Check out what RSPB’s biodiversity advisor, Kate McVay, had to say about the park in celebration of Love Parks Week:
About Wormwood Scrubs:
Wormwood Scrubs, known locally as the Scrubs, is the largest greenspace in Hammersmith and Fulham at 76.8 hectares. The Scrubs is Metropolitan Open land, and the western half of the site is a Site of Importance for Nature Conservation. The Scrubs is comprised of short mown amenity grass for a variety of playing pitches, woodlands along the perimeter of the site, meadow grassland areas and a large expanse of scrub/grassland mosaic habitat, which has recently been submitted for LNR status. There are nearly 100 species of bird found here throughout the year, including a locally important population of ground-nesting meadow pipits, as well as a variety of invertebrates and a strong population of common lizards.
What services does idverde provide for WWS?
idverde is contracted to provide grounds maintenance work on site including cleansing hard surfaces, grass cutting, litter collection, scrubland management and infrastructure maintenance. In addition to these tasks, idverde provides an onsite RSPB Community and Ecology adviser in charge of the following tasks: ecological surveys as part of an ecological baseline audit, local and corporate conservation volunteering (scything, hedge laying, tree planting, scrub management, habitat creation), annual work plans for ecologically sensitive areas on site, best practice advice for management and training for GM team.
How do your services benefit the client and the community?
Our GM team ensures that the space is well-maintained and litter free while our RSPB Community and Ecology Adviser facilitates volunteer days and ecological events for the local community (such as Dawn Chorus Walks and Butterfly Surveys). We also run a variety of corporate volunteer days which have allowed us to plant trees, conduct path maintenance works and refurbish benches to enhance the experience of site users.
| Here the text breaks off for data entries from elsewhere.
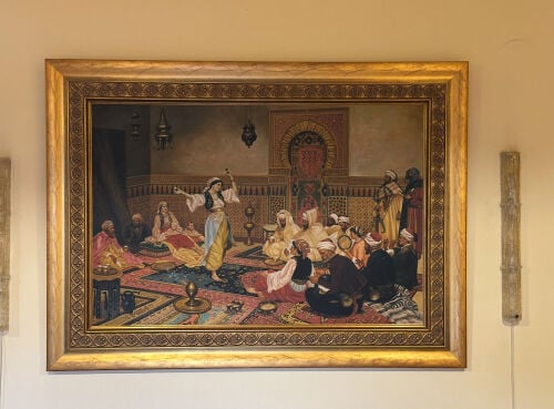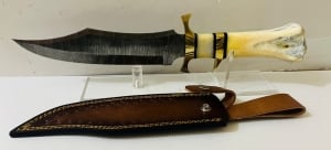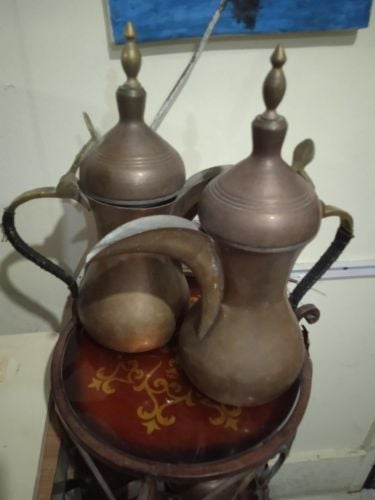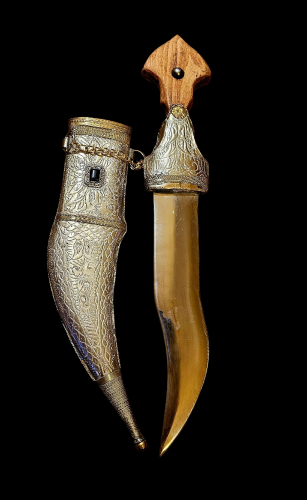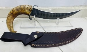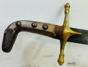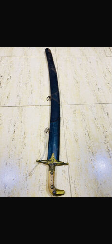 سيف جوهر دمشقي قديم عثماني النصل جوهر مختوم والقبض عربية من القرن والفضة والغمد من الجلد والخشب الطول ٨٨ سم
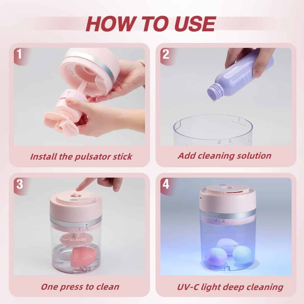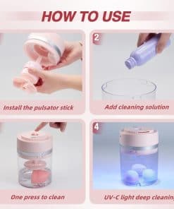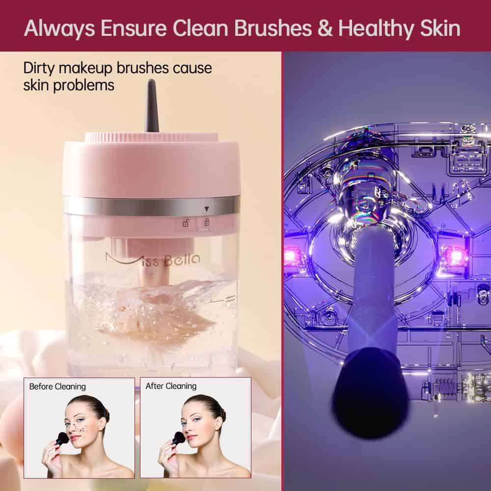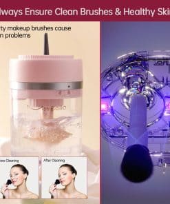 4. Limpieza profunda con luz UV-C Esta máquina de limpieza viene con luz UV-C, que elimina eficazmente cosméticos, químicos y otros residuos en las brochas de maquillaje, reduce los problemas de la piel. También puedes poner tus esponjas de maquillaje lavadas para utilizar la función de limpieza más profunda con luz UV-C.
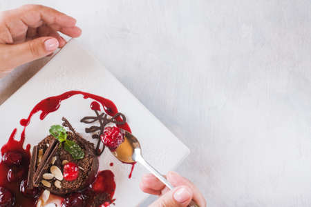 Tasting of chocolate cake with cherry jam, decorated by sweet red berry, almond and mint. Delicious dessert serving in restaurant, close up picture with free space on white background

Can you give an example of a recent project or initiative that has happened in the last 12 months?
We implemented hedge laying for our wildlife hedge management last winter and laid almost 200 metres of hedge with the help of local volunteers to reduce the height of the hedge and improve site lines as well as enhancing the hedgerow habitat. We have also implemented cut and collects in our meadow grassland areas in an attempt to increase wildflower coverage and reduce the dominance of grass. Our cut and collect project is conducted mainly by volunteers with the use of scythes and rakes.
How do you encourage biodiversity at WWS?
Hedge laying, meadow cut and collects, deadwood habitat creation, wildflower patch seed sowing, tree/hedge planting and bird box creation are a few of the methods we use to enhance biodiversity on site.
Does your park have any interesting or unusual features?
We have a large expanse of scrub/grassland mosaic habitat in the western half of the site. The entire site is quite unlike any formal park in London in keeping with the ‘more wild than tamed’ aspiration of the Friends group on site. The site lacks any formal features but is set to have a series of scrapes, swales and ponds implemented in the near future as part of the ecological masterplan for the site.